Five of eight countries in the OECD’s latest round of peer review reports failed to resolve mutual agreement procedure (MAP) cases within the average 24-month timeframe sought by the OECD base erosion and profit shifting (BEPS) Action 14 minimum standard on dispute resolution. The review assessed compliance with the MAP minimum standard by Australia, Ireland, Israel, Japan, Malta, Mexico, New Zealand, and Portugal.

Mutual Agreement Procedure MAP

Mexico and Portugal took the longest, averaging about 38 months each, more than one year over the target. Ireland was the next slowest at 32 months on average overall. Ireland was also running more than a year behind in its transfer pricing cases, which, at 38 months average time to completion, took longer than the other cases.

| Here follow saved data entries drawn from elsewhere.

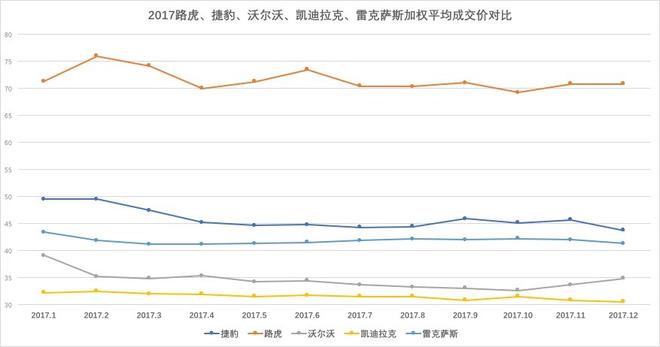 凱迪拉克、捷豹路虎、雷克薩斯、沃爾沃四個(gè)品牌銷量在10萬輛以上為第二陣營。除路虎外,捷豹因進(jìn)口F-pace帶動(dòng)其成交價(jià)上揚(yáng),隨著XE國產(chǎn)上市銷售,捷豹銷量有望進(jìn)一步增長,價(jià)格進(jìn)一步下探;以銷售進(jìn)口車型為主的雷克薩斯,今年銷量質(zhì)量不錯(cuò),庫存時(shí)間短,資金周轉(zhuǎn)快,多數(shù)以訂單方式銷售,加權(quán)平均價(jià)在42萬上下,成交價(jià)格走勢(shì)平穩(wěn),經(jīng)銷商今年利潤也很豐厚。沃爾沃在新款車型的帶動(dòng)下,成交價(jià)格開始上揚(yáng);凱迪拉克今年銷量增速較快,通過下圖我們可以看到,凱迪拉克基本依靠低價(jià)獲取銷量的增長,成交價(jià)格進(jìn)一步走低,經(jīng)銷商的利潤需要依靠廠家補(bǔ)貼。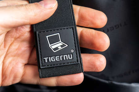 Tyumen, Russia-February 03, 2022: Tigernu logo is a brand of functional backpacks for travel and urban use.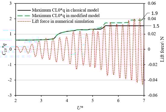 Since the improvement in this paper is primarily directed at the lift coefficient, the rationality of the above improved method will be verified by analyzing the lift coefficient. Take the test condition of m* = 2.36, m*ζ = 0.014 as an example, the value of parameter CL0*q (the parameter characterizing the lift force) is compared with numerical simulation results at different flow velocities (See Figure 9). An in-depth description of the numerical simulation method can be found in the author’s previous work [35].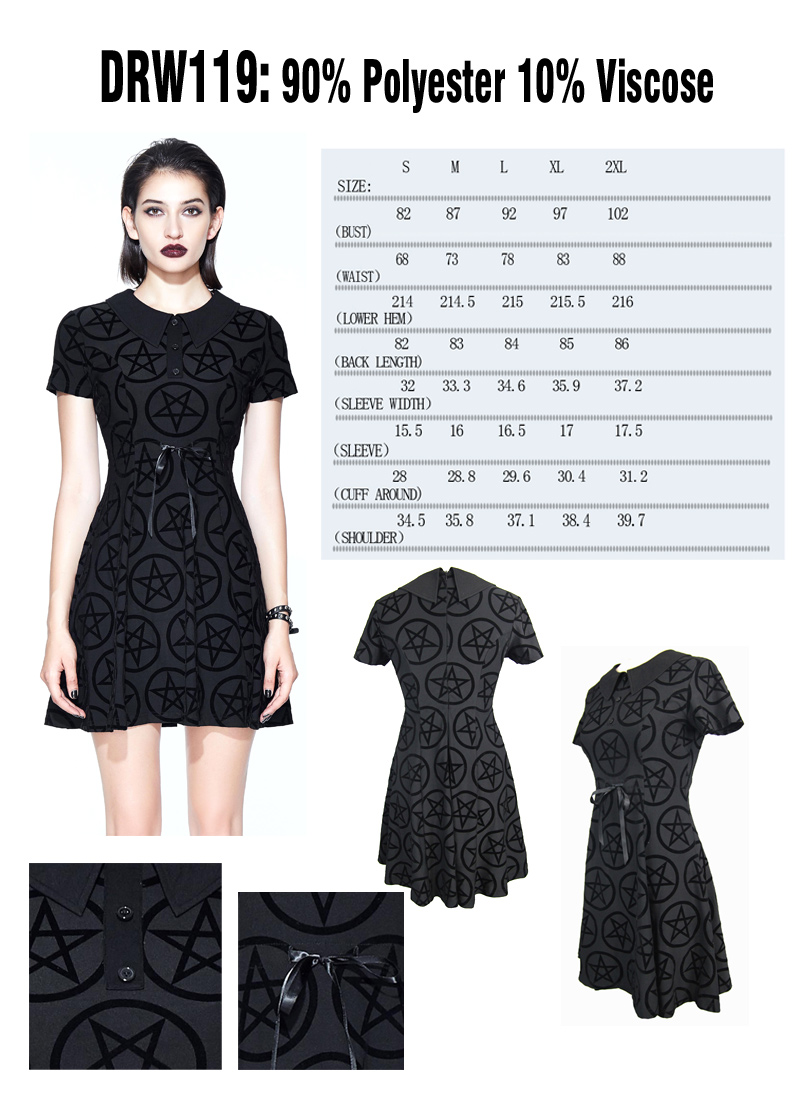 Pentagram Vampirela mekko Restless ‘N’ Villi. Hämmästyttävän kaunis mekko pehmeästä joustavasta trikoosta, jossa musta kaulus ja tässä edessä koristeellinen nappits. takaisin. Silkkinauha vyötäröllä parantaa istuvuutta.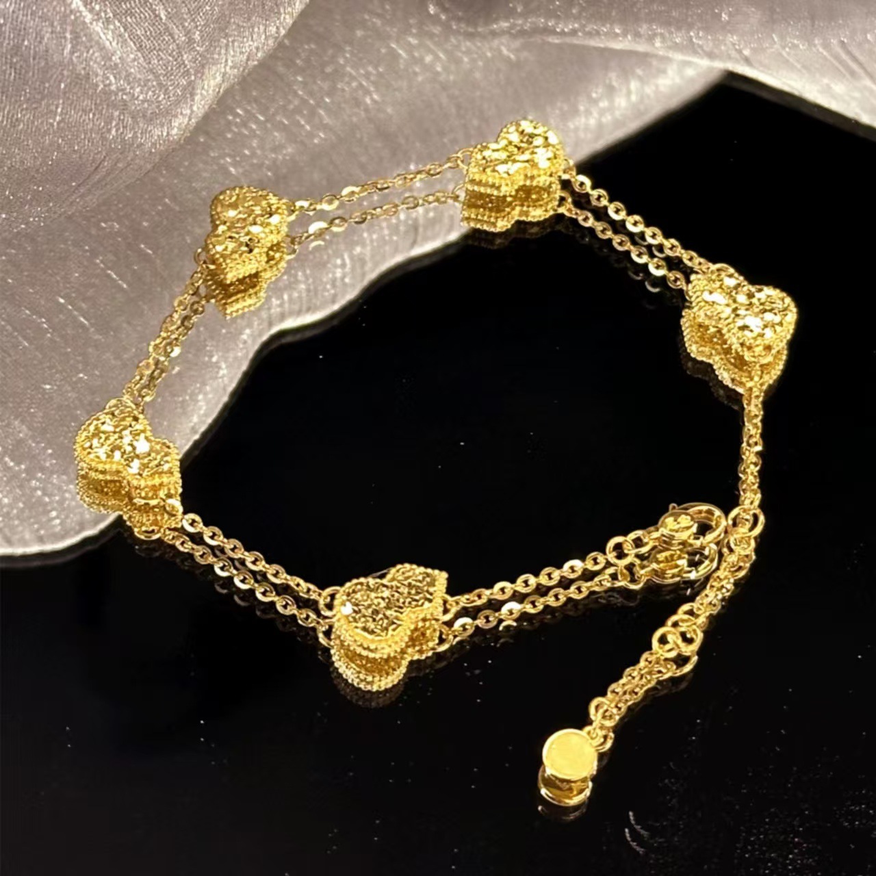 Wholesale Black and White Four-Leaf Clover Bracelet That Does Not Fade, Women's Summer Five-Flower Bracelet, Double-Layer Niche Light Luxury High-End Jewelry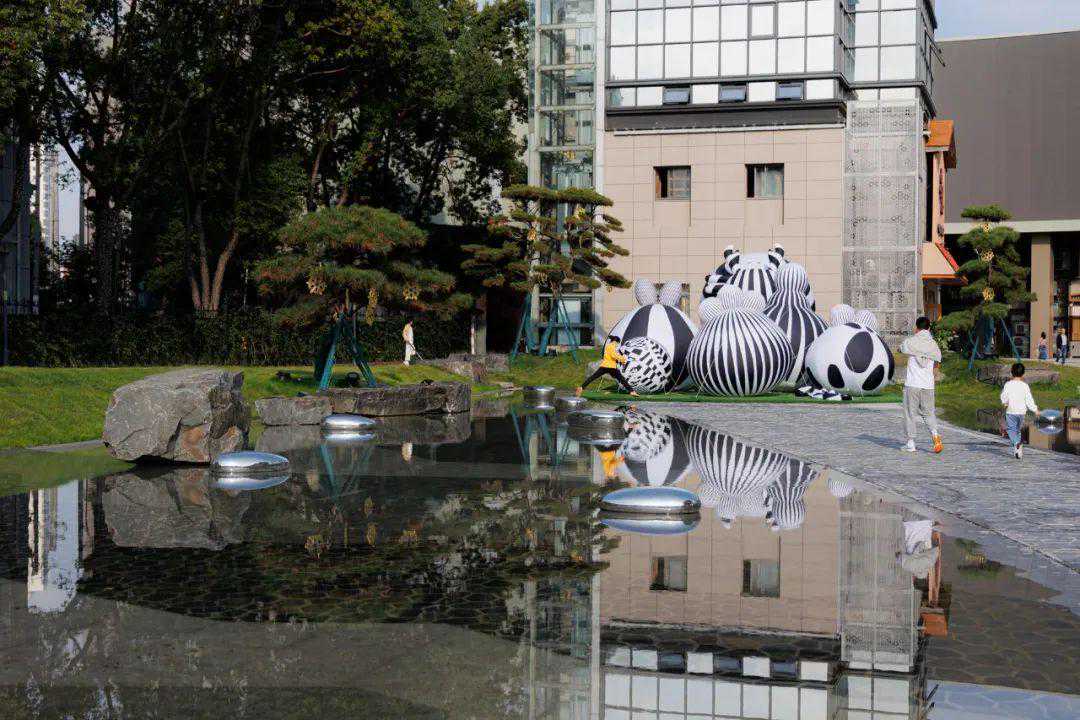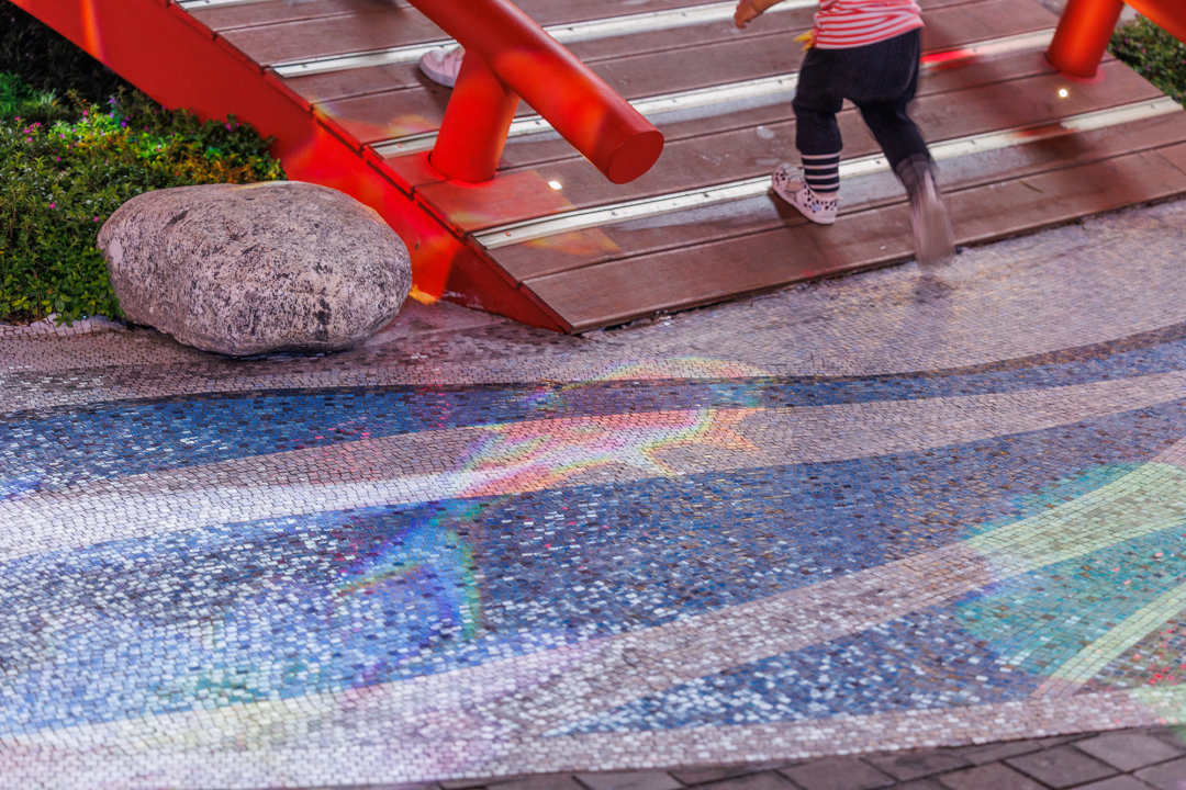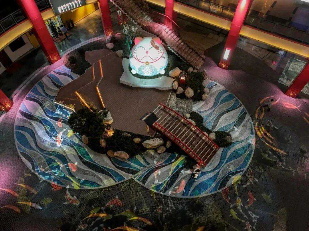 以“锦池”为主题的庭院,将地面铺装与3D投影融合,锦鲤优雅端庄,又灵动可爱。色彩浓烈的锦鲤悠游于风格迥然的鱼池当中,勾勒出多样的意境和画面,增添了场地的动静变化之美。

Israel and Japan came closer to meeting the target but also missed the mark at 31 and 27 months, respectively. Three countries meeting the 24-month target were Australia, Malta (with only one case), and New Zealand.

The eight countries generally fared better on the other elements of the minimum standard for making dispute resolution more effective. Only one country, Portugal, failed to meet the standard for preventing disputes, i.e., through advance pricing agreements (APAs), due to its failure to allow rollback of APAs.

Except for Mexico, the countries also met the requirements regarding the availability and access to MAP. While Mexico provides access to MAP in all eligible cases, concerns remained regarding gaps in associated guidance.

All eight countries met the fourth element of the Action 14 minimum standard relating to the implementation of MAP agreements.